I bought the cassette of Jana Gana Mana in February 2000, in Sangeet Saagar, Hyderabad. Agonised over buying the CD version, which came with a free VCD ( note the technological leap we have taken in the last seven years. VCDs are gone, baby, gone. ), but unfortunately was priced at 500 Rs. Over the years, I would wait for the CD to be released without the VCD, for prices to be slashed, for some kind of sale where I could get it cheaper. But nothing of that sort happened, and I never did get around to buying it.
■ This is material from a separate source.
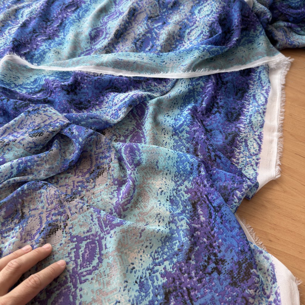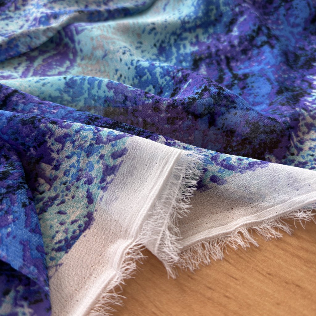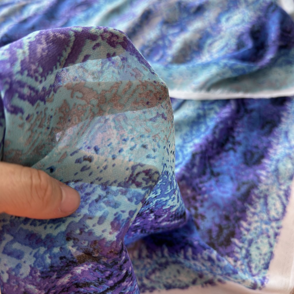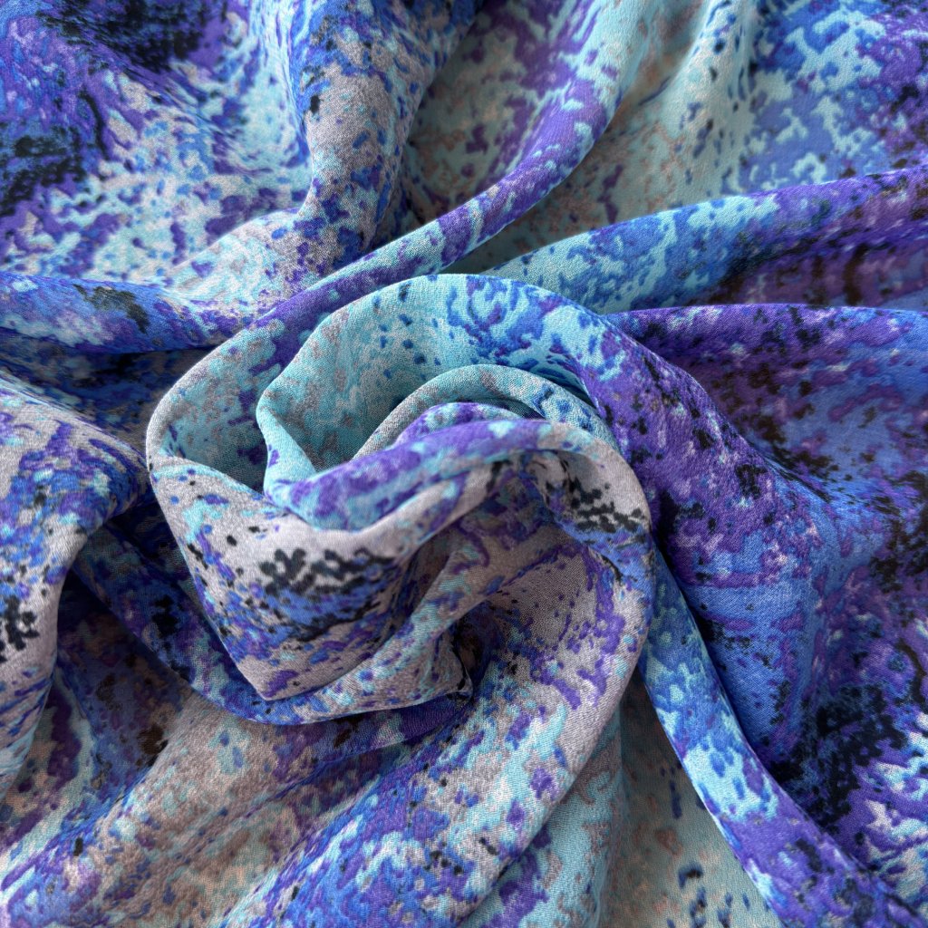 Lehký šifon retro vzor modro fialový

Will I buy it now? Don’t know really. 399 is still too high, in my opinion. The prices of DVDs are at an all-time low, with Moser-Baer cornering the market, and T-series releasing old favourites at 45 Rs. Even DVD stalwarts like Eros and Shemaroo are offering 99-Rs DVDs in a monsoon-sale offer, although their new offerings are still high-priced. I am betting prices will stabilise at around 150 Rs. Yashraj is the only company that is staying put at 300-plus prices, but who wants to buy YR DVDs anyway?

I believe there have also been a spate of Rahman “singles”. ‘One Love’, which is an ode to the Taj Mahal and features the same song in *shudder* multiple languages, and ‘Pray For Me Brother’, which has a train-wreck of a video. These must be the first ARR albums that I have consciously refused to buy.
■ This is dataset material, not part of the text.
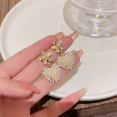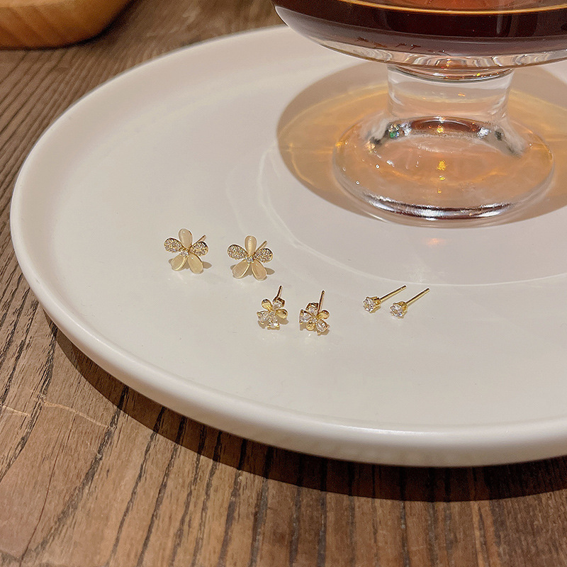 925银针简约气质套装耳环女ins潮高级设计感微镶锆石花朵耳钉耳饰

I think the best ARR tune in recent times is that new Airtel ad, in which a kid plays in the rain and there is this bouncy melody going on in the background. It lasts for about a minute, but gets me everytime. I am not even sure it’s by ARR, but the voice and the music segue into the familiar Airtel tune and that’s why I think it’s him.

And oh, the DVD of Vishal’s The Blue Umbrella is out. Even before the movie has been released in Hyderabad. Bah!

Also, a fabulous article on 15 Years of AR Rahman.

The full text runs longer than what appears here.